Please. Anyone that’s actually been there knows it’s #Shittyville.

But I’ll give the Illini this: at least they are using their own thing, unlike our, uh, friends to the west. Those guys in Ames are using about 30 different hashtags and not a one of them is their own. There’s #AStormIsBrewing (Twitter search that one at your own risk - NSFW thanks to recent events), #RaiseTheStandard, which about 5 other schools are also using, #CyclONENation, which seems a bit redundant, what with the word nation being singular and all, and now the newest iteration is #WinInTheDark. I haven’t dared to search on that last one given what I found with #AStormIsBrewing, but I have a feeling that one may not end well either.

I’ll give Matt Campbell this, if there’s one thing we all know he can do, it’s sell. What, exactly, he’s selling is up for debate, but sell he will. And at least his hashtags seem to make some semblance of sense. I can’t say the same for that over-caffeinated dude in Minneapolis.

PJ Fleck and the Golden Gophers can’t stick to one hashtag either, but theirs are all over the map. There’s #RTB, which, cool, row the boat, cuz you know, there’s no engines around or anything and football has always been played in water. Then there’s #SkiUMah, which literally nobody understands, but from my experience skiing doesn’t translate well to the gridiron. And then there’s #HYPRR. I dunno #WTF that means, but it’s stupid.

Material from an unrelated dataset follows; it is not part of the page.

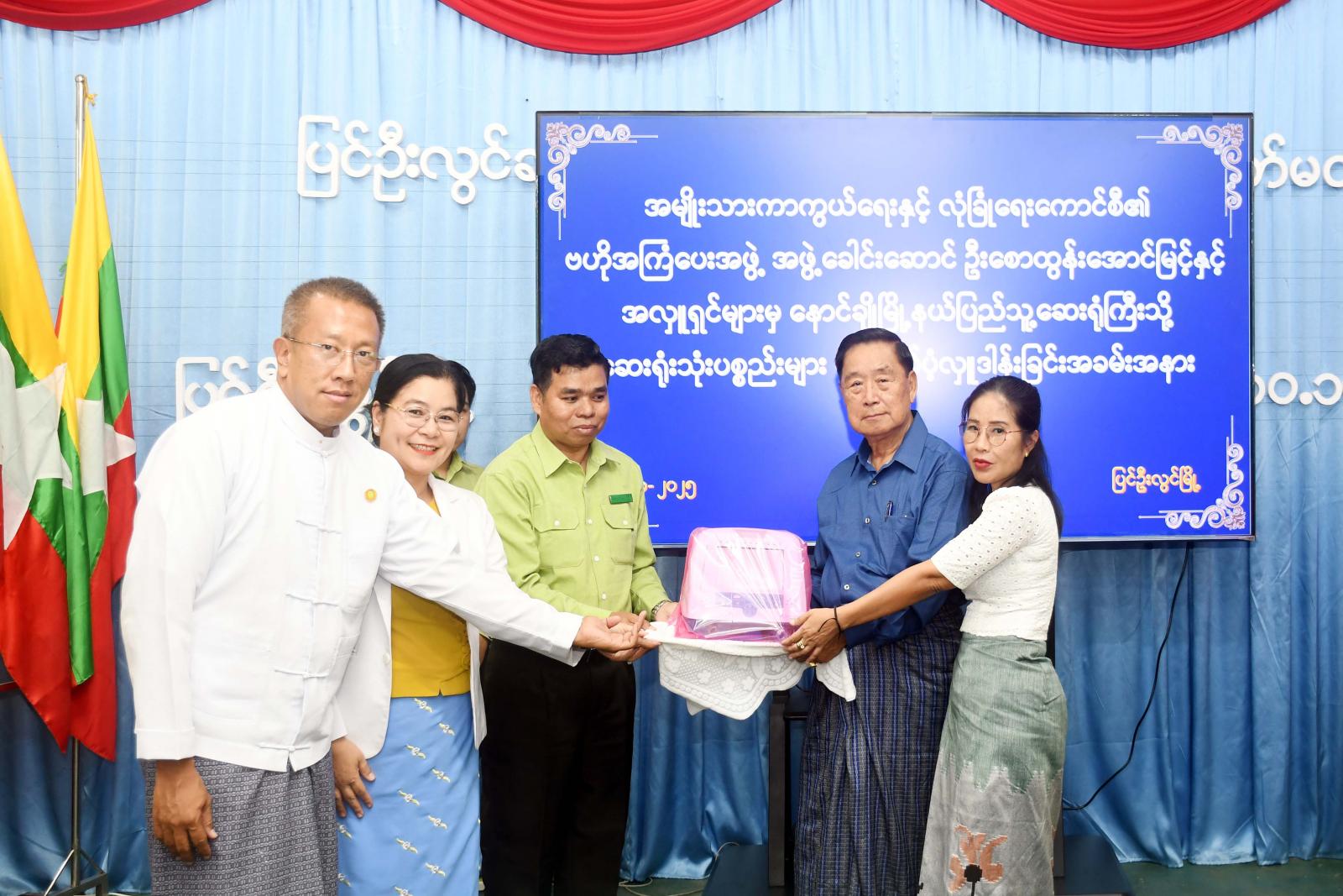 ထို့နောက် ဆေးရုံသုံးပစ္စည်းများ ထောက်ပံ့လှူဒါန်းခြင်းနှင့်ပတ်သက်၍ နောင်ချိုမြို့နယ်၊ ပြည်သူ့ဆေးရုံကြီး (ကိုယ်စား) ပြင်ဦးလွင်မြို့၊ ခုတင်-၃၀၀ ဆံ့ ပြည်သူ့ဆေးရုံ၊ ဆေးရုံအုပ်ကြီး ဒေါက်တာသင်းသင်းအိက ကျေးဇူးတင်စကားပြန်လည်ပြောကြားခဲ့ပြီး စုပေါင်းမှတ်တမ်းတင်ဓာတ်ပုံရိုက်ကူးခဲ့ကြကြောင်း သိရှိရသည်။

***Note, Google tells me PJ Fleck claims it means “How’s Your Process Result Response,” which isn’t exactly English and I feel like I understand it less now.***

This says nothing of all his #Elite crap. You know what’s elite? Not going 5-7. Not Minnesota. At least not since World War II.

Fleck uses so many damn hashtags and catch-phrases you literally need a guide. And Fleck is so damn cheesy he is the one to spell it out for you.

Guys, these coaches make me want to #BreakTheRock with my head.

I’ve never been more glad to have Kirk Ferentz as our head coach.